═══ Raw data

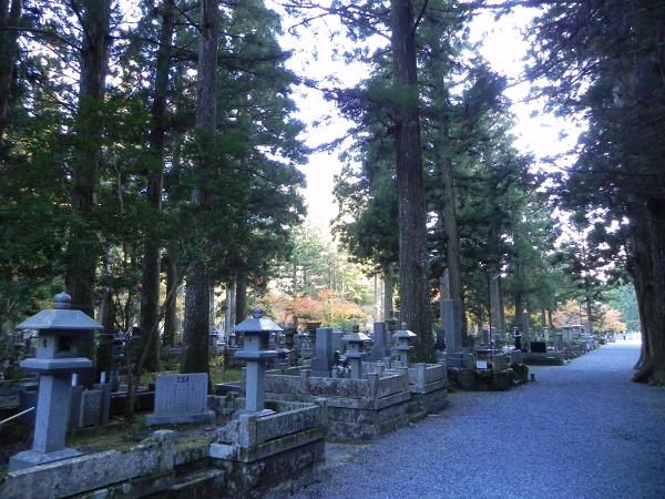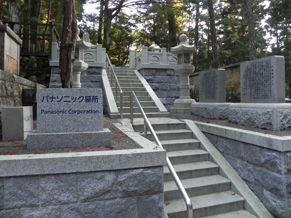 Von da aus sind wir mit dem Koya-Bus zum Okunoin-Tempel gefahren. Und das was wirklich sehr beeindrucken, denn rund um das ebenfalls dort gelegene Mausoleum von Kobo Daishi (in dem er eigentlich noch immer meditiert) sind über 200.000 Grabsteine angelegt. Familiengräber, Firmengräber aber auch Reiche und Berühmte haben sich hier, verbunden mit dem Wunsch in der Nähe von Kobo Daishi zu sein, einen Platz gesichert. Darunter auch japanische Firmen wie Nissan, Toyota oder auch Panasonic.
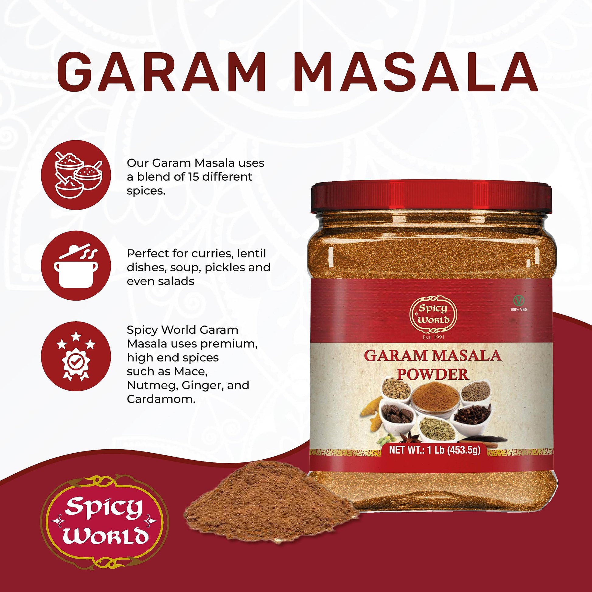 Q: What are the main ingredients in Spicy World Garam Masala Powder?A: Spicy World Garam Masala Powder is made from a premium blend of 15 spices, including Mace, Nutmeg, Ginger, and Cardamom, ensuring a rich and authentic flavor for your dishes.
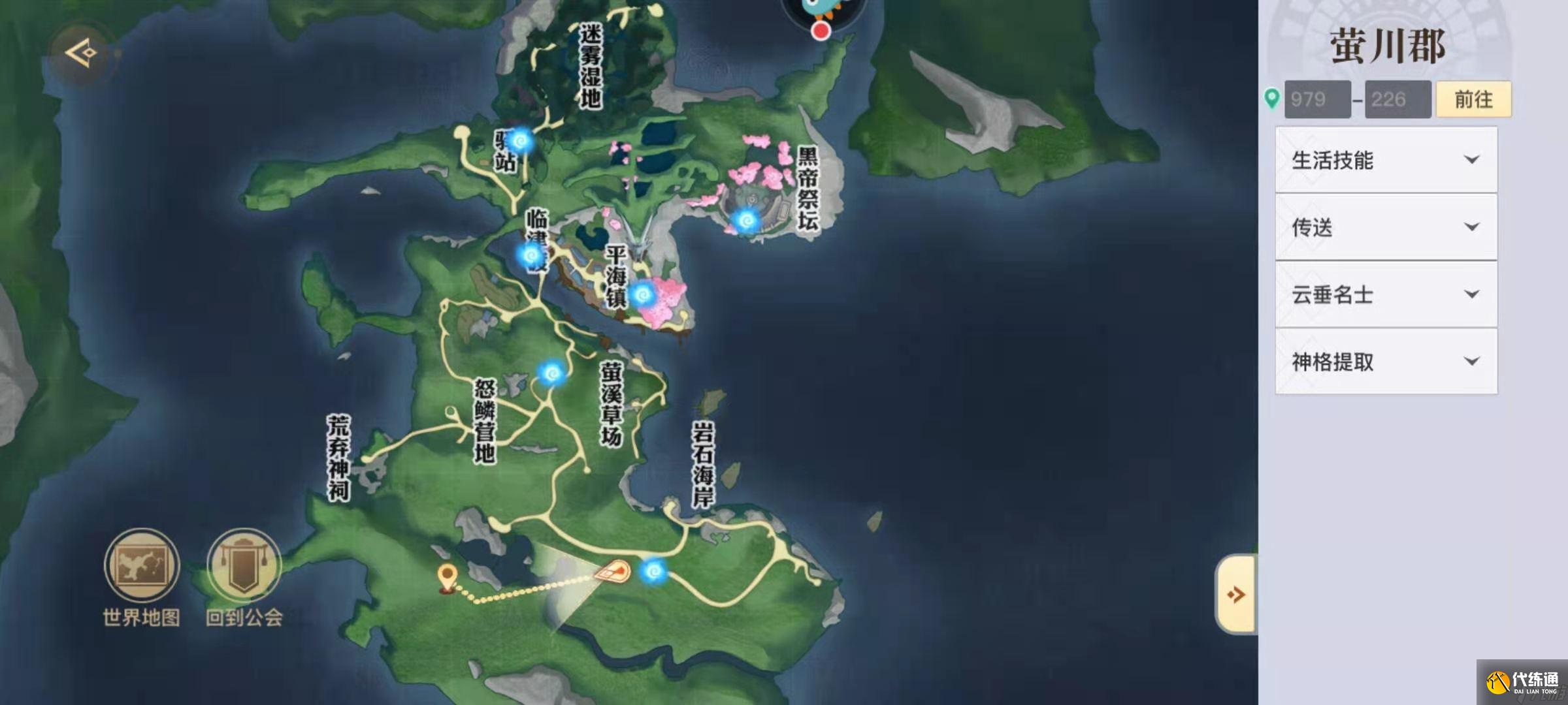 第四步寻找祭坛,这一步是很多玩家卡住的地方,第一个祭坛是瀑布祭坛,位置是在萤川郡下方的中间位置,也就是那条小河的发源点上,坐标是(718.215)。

══════

Your goal: The lines wanted run from the one with "Q: What are" through the final line of the data; repeat them word for word and skip every picture.

Task response:
 Q: What are the main ingredients in Spicy World Garam Masala Powder?A: Spicy World Garam Masala Powder is made from a premium blend of 15 spices, including Mace, Nutmeg, Ginger, and Cardamom, ensuring a rich and authentic flavor for your dishes.
 第四步寻找祭坛,这一步是很多玩家卡住的地方,第一个祭坛是瀑布祭坛,位置是在萤川郡下方的中间位置,也就是那条小河的发源点上,坐标是(718.215)。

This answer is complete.